I have found these two taped fishing hot lines to provide useful fishing reports in the past. This is in NO WAY supposed to be free advertising for either of these two stores. I have never been to either of them and don't know anything about them. As of today they don't have too much to say but as the season picks up they provide pretty good info. I think the reports are usually updated on Monday or Tuesday.

FYI, the hot line #s are working, I tried them today. I got the addresses and bus. tel #s from AOL's Yellow Pages. If the latter are incorrect, blame AOL. 

Clyde's Sport Shop
HOT LINE: 410-247-3474 
2307 Hammonds Ferry Rd, Baltimore, MD 410-242-6108
- Located in SW Balto.
- Good Upper/Middle Bay reports
- Also fresh water reports in Balto. Area 
- their ad in the Feb/March issue of the Fishing and Hunting Journal states they are having their annual Ten Day Sale from 3/4-3/14. I would call first to confirm that. 

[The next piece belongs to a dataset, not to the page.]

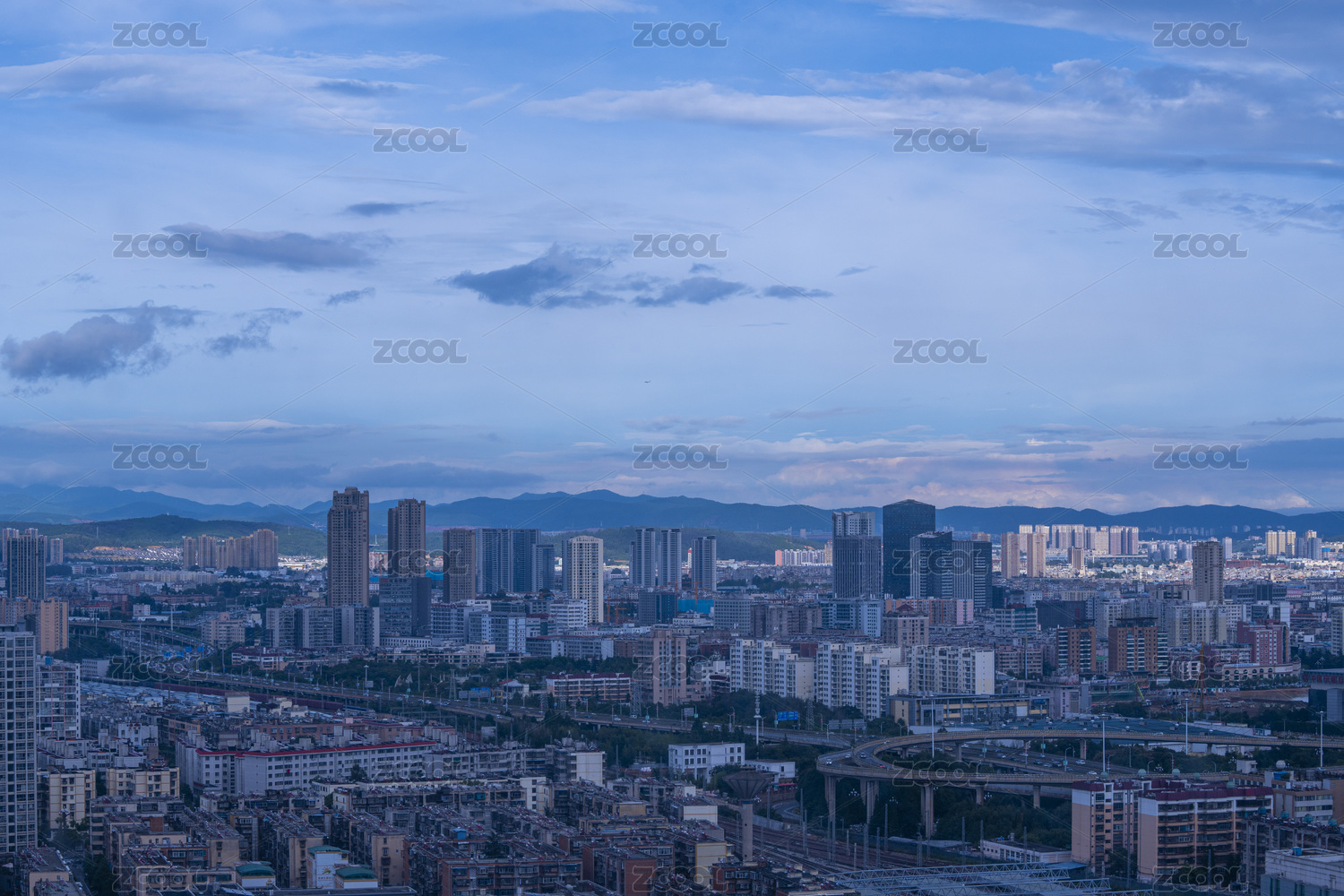 傍晚的中国深圳市郊区住宅建筑及高架桥风光

Old Reisterstown Bait & Tackle
HOT LINE: 410-526-3610
16 Westminster Rd, Reisterstown, MD 410-526-6500
- Located near Liberty Reservoir
- Some Bay reports
- Good fresh water reports, especially Liberty, Loch Raven and Pretty Boy Reservoirs; local streams 

One last note for those of you near Rosedale (NE Balto.). The Fishing Shop on Rt 40 East, east of Martin Blvd, is having their annual spring inventory sale Feb. 27-29. Again, this is NOT an advertisement. I get my bait here and and have gotten reasonable deals on 3 Shimano rods/reels. I think it is a good store. I have never been to this sale and don't know if it's good, but I intend to check it out.

Hope the hot lines help!

Blue Heron


----------



## catman (May 28, 2001)

Hey Blue, although Clyde's is an excellent tackle shop don't put a lot of faith in their reports. Their reports are pretty much a carbon copy of the DNR report. Old Reisterstown Bait & Tackle is another story. If you're planning on fishing Liberty Old Reisterstown has the most accurate report around. Thanks for the heads-up on the Fishing Shop sale. I'll have to stop by.

Catman.


----------



## JettyPaul (Nov 28, 2003)

thanks blue on the heads up on the fishing shop its a shame i live in rosedale and didnt know


----------